Deux jours avant le déclenchement des bombardements, l’entraîneur portugais Ricardo Sá Pinto avait quitté le club iranien Esteghlal FC en invoquant officiellement des « motifs personnels ». Ce jeudi, lors d’une intervention sur la chaîne CNN Portugal, le technicien a finalement levé le voile sur les véritables raisons de son départ, directement liées au climat de tension et au conflit qui se préparait en Iran.

Dans son témoignage, l’ancien entraîneur d’Esteghlal explique avoir quitté le pays plus d’une semaine avant l’escalade militaire. Selon lui, plusieurs signaux l’avaient alerté sur l’imminence d’un conflit. « J'ai quitté l'Iran il y a plus d'une semaine, deux ou trois jours avant le début du conflit. J'ai anticipé ce qu'il s'est passé, mon départ est directement lié à ce conflit géopolitique. L'ambiance était tendue, les gens étaient effrayés et j'ai reçu des informations sur ce qui allait se passer dans un futur très proche. Je savais que c'était une question de jours », a-t-il déclaré.

Le technicien portugais évoque une atmosphère devenue pesante dans les rues, marquée par la peur et les tensions liées aux manifestations.

Un climat de peur et de violence

Selon Ricardo Sá Pinto, la situation s’était progressivement détériorée au point d’affecter la vie quotidienne. L’entraîneur affirme qu’il évitait même de sortir en soirée en raison de la situation sécuritaire. « À partir du début des manifestations, l'ambiance était tendue, j'évitais de sortir après 18 heures. Beaucoup de gens sont morts, on ne s'en rend pas compte. Les manifestants étaient généralement pacifiques », a-t-il affirmé.

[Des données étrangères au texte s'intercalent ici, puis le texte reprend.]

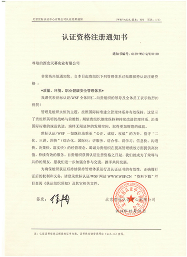而就在這天,我公司收到北京世標(biāo)認(rèn)證中心寄來(lái)的快件,宛如陽(yáng)光,溫暖著天幕人。而快件的內(nèi)容更像是古時(shí)候軍隊(duì)傳來(lái)的捷報(bào),振奮人心——我公司成功取得“質(zhì)量、環(huán)境、職業(yè)健康安全管理體系”認(rèn)證注冊(cè)資格。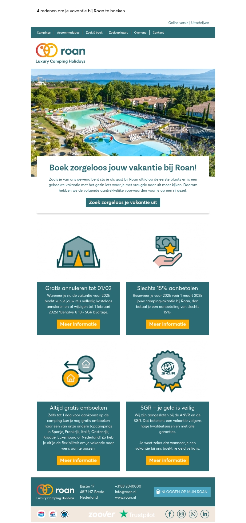 Boek zorgeloos jouw vakantie bij Roan!😊

Le Portugais raconte également avoir entendu de nombreux témoignages sur des violences visant de jeunes manifestants, évoquant des scènes qui l’ont profondément marqué durant son séjour dans le pays.

Des récits qui l’ont marqué

Parmi les histoires qu’il dit avoir entendues, l’ancien international portugais évoque notamment la mort d’un footballeur qu’il avait affronté quelques années plus tôt. Selon son récit, l’homme se trouvait avec sa famille lorsque des tirs ont éclaté. « Des jeunes et des enfants sont morts. Un footballeur est mort, il avait joué contre moi il y a trois ans. Il était avec sa famille… Ils ont tous été emmenés à l’hôpital et le père est mort sur place », a-t-il expliqué.

L’ancien entraîneur d’Esteghlal affirme enfin que de nombreuses images et vidéos de ces événements n’ont jamais été diffusées en Europe, laissant selon lui une partie de la réalité du terrain dans l’ombre.